*Prompt*.
For this exercise, output the entries below exactly from the line that holds "Saint Pancras oxidized" to the line that holds "Mokasyny damskie lakierowane", both ends included. No pictures belong in the copy.

*Material for the task*.
○ ○ ○

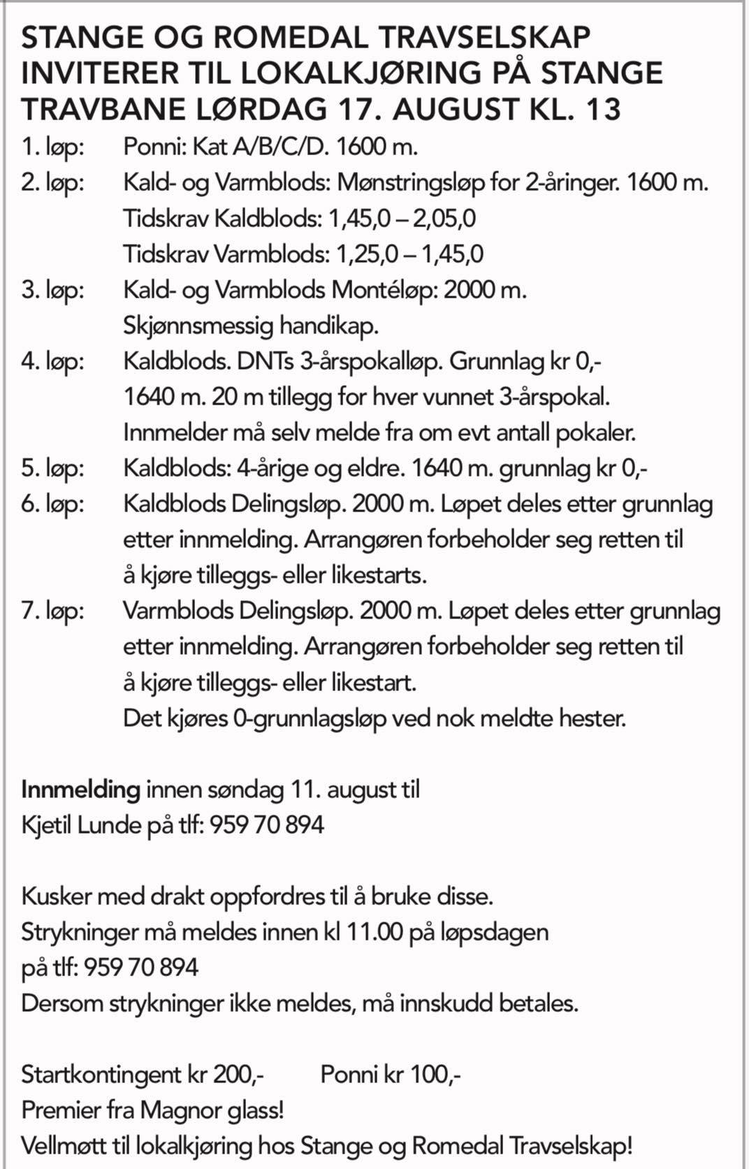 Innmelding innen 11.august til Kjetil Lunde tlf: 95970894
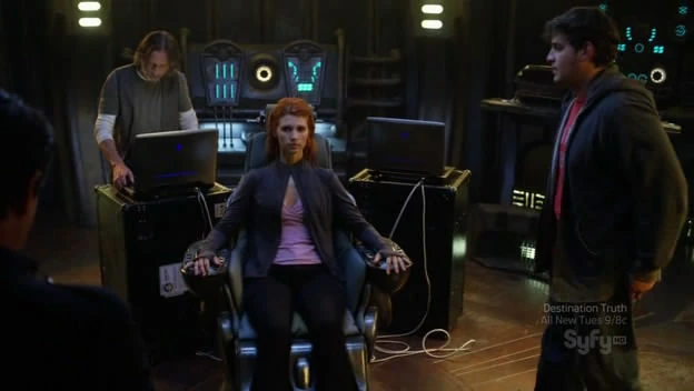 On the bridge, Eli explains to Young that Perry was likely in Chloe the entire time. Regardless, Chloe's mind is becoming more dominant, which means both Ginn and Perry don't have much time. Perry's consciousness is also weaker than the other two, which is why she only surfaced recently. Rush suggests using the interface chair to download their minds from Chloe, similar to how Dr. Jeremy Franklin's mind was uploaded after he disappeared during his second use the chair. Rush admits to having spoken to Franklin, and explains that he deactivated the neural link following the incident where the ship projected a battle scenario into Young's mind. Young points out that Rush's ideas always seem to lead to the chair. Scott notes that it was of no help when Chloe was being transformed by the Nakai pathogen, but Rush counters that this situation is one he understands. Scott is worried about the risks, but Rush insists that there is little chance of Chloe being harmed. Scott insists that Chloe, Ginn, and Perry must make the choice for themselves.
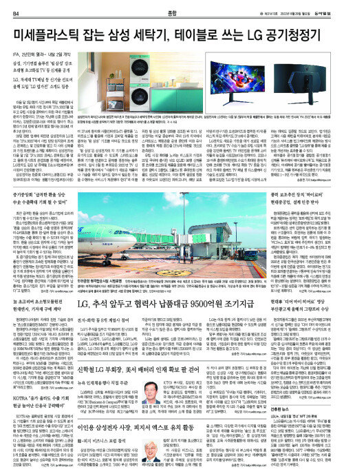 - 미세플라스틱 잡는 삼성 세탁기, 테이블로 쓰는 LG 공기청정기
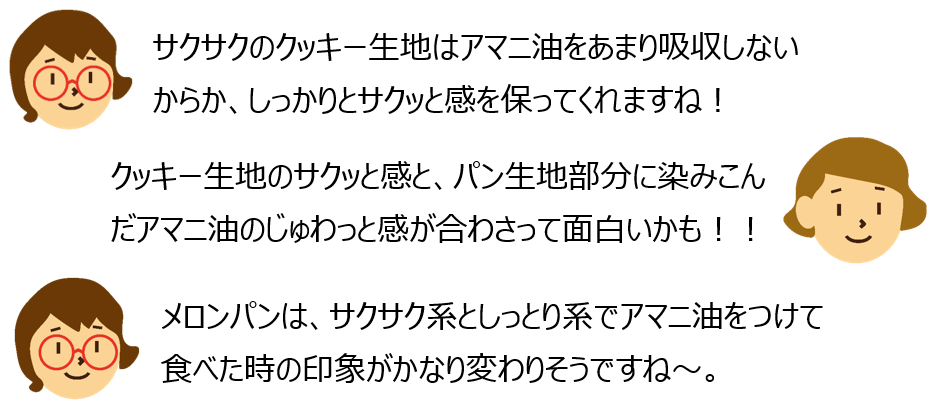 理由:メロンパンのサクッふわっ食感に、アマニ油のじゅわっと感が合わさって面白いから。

○ ○ ○

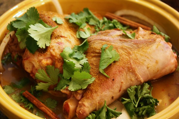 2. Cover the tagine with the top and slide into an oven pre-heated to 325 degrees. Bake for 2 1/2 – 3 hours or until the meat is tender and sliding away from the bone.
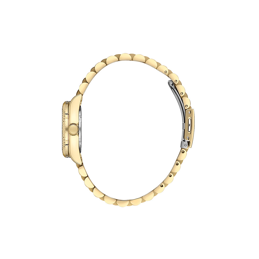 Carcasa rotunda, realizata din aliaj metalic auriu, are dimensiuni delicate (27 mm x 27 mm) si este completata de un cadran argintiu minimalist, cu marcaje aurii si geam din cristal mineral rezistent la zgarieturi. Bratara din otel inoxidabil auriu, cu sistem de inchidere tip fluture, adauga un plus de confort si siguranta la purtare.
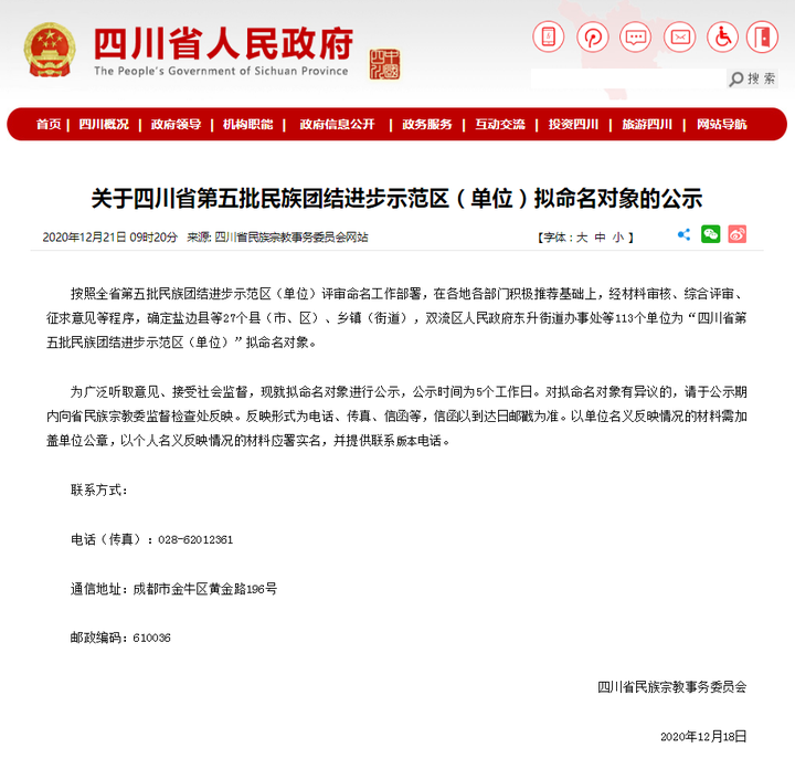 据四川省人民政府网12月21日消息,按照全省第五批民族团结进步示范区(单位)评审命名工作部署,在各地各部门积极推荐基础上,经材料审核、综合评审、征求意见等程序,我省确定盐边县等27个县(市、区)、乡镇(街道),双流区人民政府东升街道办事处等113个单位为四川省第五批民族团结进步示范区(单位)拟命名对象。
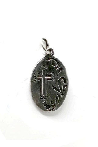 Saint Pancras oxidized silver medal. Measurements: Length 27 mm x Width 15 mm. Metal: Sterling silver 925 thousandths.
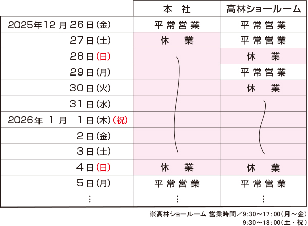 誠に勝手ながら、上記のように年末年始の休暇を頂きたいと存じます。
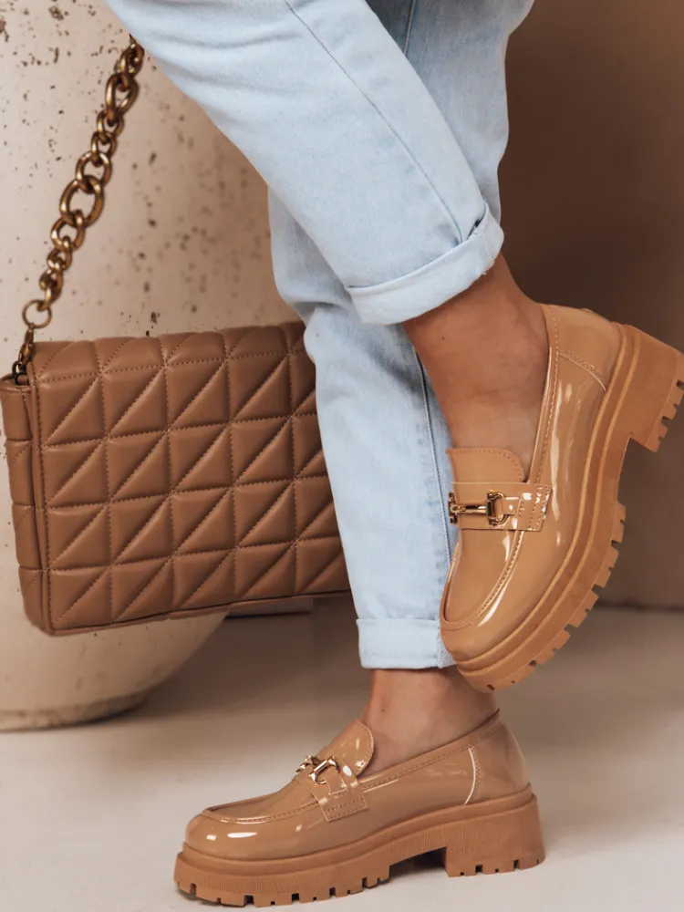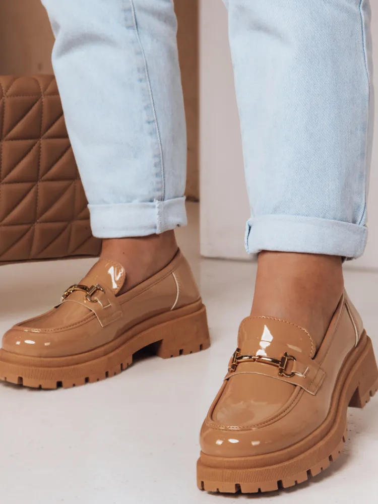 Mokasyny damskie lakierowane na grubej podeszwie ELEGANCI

○ ○ ○

*Output for this exercise*.
 Saint Pancras oxidized silver medal. Measurements: Length 27 mm x Width 15 mm. Metal: Sterling silver 925 thousandths.
 誠に勝手ながら、上記のように年末年始の休暇を頂きたいと存じます。
 Mokasyny damskie lakierowane na grubej podeszwie ELEGANCI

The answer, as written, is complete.